The package includes the following facilities:

- Integrated single-cell quality control methods.
- Pipelines embedded with multiple methods for normalization, feature
  reduction, and cell population identification (standard Seurat
  workflow).
- Pipelines embedded with multiple integration methods for scRNA-seq or
  scATAC-seq data, including Uncorrected,
  [Seurat](https://github.com/satijalab/seurat),
  [scVI](https://github.com/scverse/scvi-tools),
  [MNN](http://www.bioconductor.org/packages/release/bioc/html/batchelor.html),
  [fastMNN](http://www.bioconductor.org/packages/release/bioc/html/batchelor.html),
  [Harmony](https://github.com/immunogenomics/harmony),
  [Scanorama](https://github.com/brianhie/scanorama),
  [BBKNN](https://github.com/Teichlab/bbknn),
  [CSS](https://github.com/quadbiolab/simspec),
  [LIGER](https://github.com/welch-lab/liger),
  [Conos](https://github.com/kharchenkolab/conos),
  [ComBat](https://bioconductor.org/packages/release/bioc/html/sva.html).
- Multiple single-cell downstream analyses such as identification of
  differential features, enrichment analysis, GSEA analysis,
  identification of dynamic features,
  [PAGA](https://github.com/theislab/paga), [RNA
  velocity](https://github.com/theislab/scvelo),
  [Palantir](https://github.com/dpeerlab/Palantir),
  [Monocle2](http://cole-trapnell-lab.github.io/monocle-release),
  [Monocle3](https://cole-trapnell-lab.github.io/monocle3), etc.
- Multiple methods for automatic annotation of single-cell data and
  methods for projection between single-cell datasets.
- High-quality data visualization methods.
- Fast deployment of single-cell data into SCExplorer, a [shiny
  app](https://shiny.rstudio.com/) that provides an interactive
  visualization interface.

The functions in the SCP package are all developed around the [Seurat
object](https://github.com/mojaveazure/seurat-object) and are compatible
with other Seurat functions.

## R version requirement

- R \>= 4.1.0

## Installation in the global R environment

You can install the latest version of SCP from
[GitHub](https://github.com/zhanghao-njmu/SCP) with:

``` r
if (!require("devtools", quietly = TRUE)) {
  install.packages("devtools")
}
devtools::install_github("zhanghao-njmu/SCP")
```

#### Create a python environment for SCP

To run functions such as `RunPAGA` or `RunSCVELO`, SCP requires
[conda](https://docs.conda.io/en/latest/miniconda.html) to create a
separate python environment. The default environment name is
`"SCP_env"`. You can specify the environment name for SCP by setting
`options(SCP_env_name="new_name")`

Now, you can run `PrepareEnv()` to create the python environment for
SCP. If the conda binary is not found, it will automatically download
and install miniconda.

``` r
SCP::PrepareEnv()
```

To force SCP to use a specific conda binary, it is recommended to set
`reticulate.conda_binary` R option:

``` r
options(reticulate.conda_binary = "/path/to/conda")
SCP::PrepareEnv()
```

If the download of miniconda or pip packages is slow, you can specify
the miniconda repo and PyPI mirror according to your network region.

``` r
SCP::PrepareEnv(
  miniconda_repo = "https://mirrors.bfsu.edu.cn/anaconda/miniconda",
  pip_options = "-i https://pypi.tuna.tsinghua.edu.cn/simple"
)
```

Available miniconda repositories:

- <https://repo.anaconda.com/miniconda> (default)

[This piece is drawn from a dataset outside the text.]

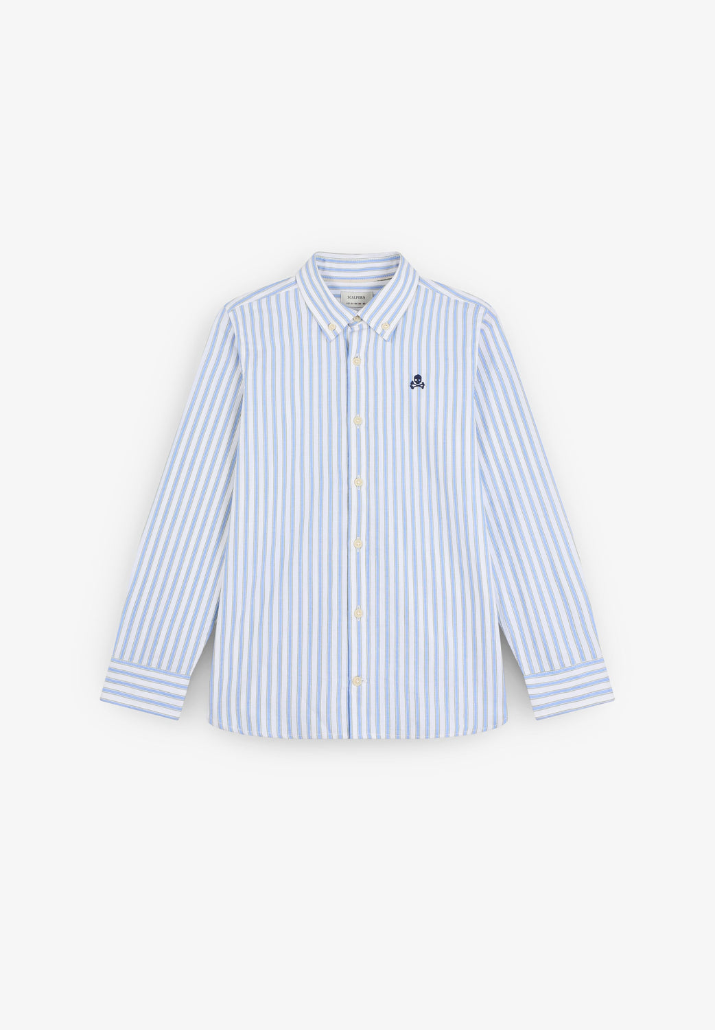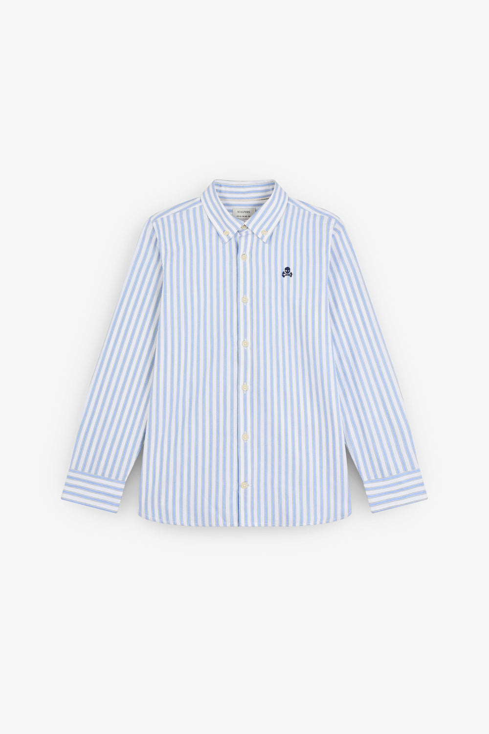Oxford shirt made of 100% BCI cotton. Regular fit. Stripe print. Contrast embroidered skull detail on the chest.

- <http://mirrors.aliyun.com/anaconda/miniconda>

- <https://mirrors.bfsu.edu.cn/anaconda/miniconda>

- <https://mirrors.pku.edu.cn/anaconda/miniconda>

- <https://mirror.nju.edu.cn/anaconda/miniconda>

- <https://mirrors.sustech.edu.cn/anaconda/miniconda>

- <https://mirrors.xjtu.edu.cn/anaconda/miniconda>

- <https://mirrors.hit.edu.cn/anaconda/miniconda>

Available PyPI mirrors:

- <https://pypi.python.org/simple> (default)

- <https://mirrors.aliyun.com/pypi/simple>

- <https://pypi.tuna.tsinghua.edu.cn/simple>

- <https://mirrors.pku.edu.cn/pypi/simple>

- <https://mirror.nju.edu.cn/pypi/web/simple>

- <https://mirrors.sustech.edu.cn/pypi/simple>

- <https://mirrors.xjtu.edu.cn/pypi/simple>

- <https://mirrors.hit.edu.cn/pypi/web/simple>

## Installation in an isolated R environment using renv

If you do not want to change your current R environment or require
reproducibility, you can use the [renv](https://rstudio.github.io/renv/)
package to install SCP into an isolated R environment.

#### Create an isolated R environment

``` r
if (!require("renv", quietly = TRUE)) {
  install.packages("renv")
}
dir.create("~/SCP_env", recursive = TRUE) # It cannot be the home directory "~" !
renv::init(project = "~/SCP_env", bare = TRUE, restart = TRUE)
```

Option 1: Install SCP from GitHub and create SCP python environment

``` r
renv::activate(project = "~/SCP_env")
renv::install("BiocManager")
renv::install("zhanghao-njmu/SCP", repos = BiocManager::repositories())
SCP::PrepareEnv()
```

Option 2: If SCP is already installed in the global environment, copy
SCP from the local library

``` r
renv::activate(project = "~/SCP_env")
renv::hydrate("SCP")
SCP::PrepareEnv()
```

#### Activate SCP environment first before use

``` r
renv::activate(project = "~/SCP_env")

library(SCP)
data("pancreas_sub")
pancreas_sub <- RunPAGA(srt = pancreas_sub, group_by = "SubCellType", linear_reduction = "PCA", nonlinear_reduction = "UMAP")
CellDimPlot(pancreas_sub, group.by = "SubCellType", reduction = "draw_graph_fr")
```

#### Save and restore the state of SCP environment

``` r
renv::snapshot(project = "~/SCP_env")
renv::restore(project = "~/SCP_env")
```

## Quick Start

- [Data exploration](#data-exploration)

- [CellQC](#cellqc)

- [Standard pipeline](#standard-pipeline)

- [Integration pipeline](#integration-pipeline)

- [Cell projection between single-cell
  datasets](#cell-projection-between-single-cell-datasets)

- [Cell annotation using bulk RNA-seq
  datasets](#cell-annotation-using-bulk-rna-seq-datasets)

- [Cell annotation using single-cell
  datasets](#cell-annotation-using-single-cell-datasets)

- [PAGA analysis](#paga-analysis)

- [Velocity analysis](#velocity-analysis)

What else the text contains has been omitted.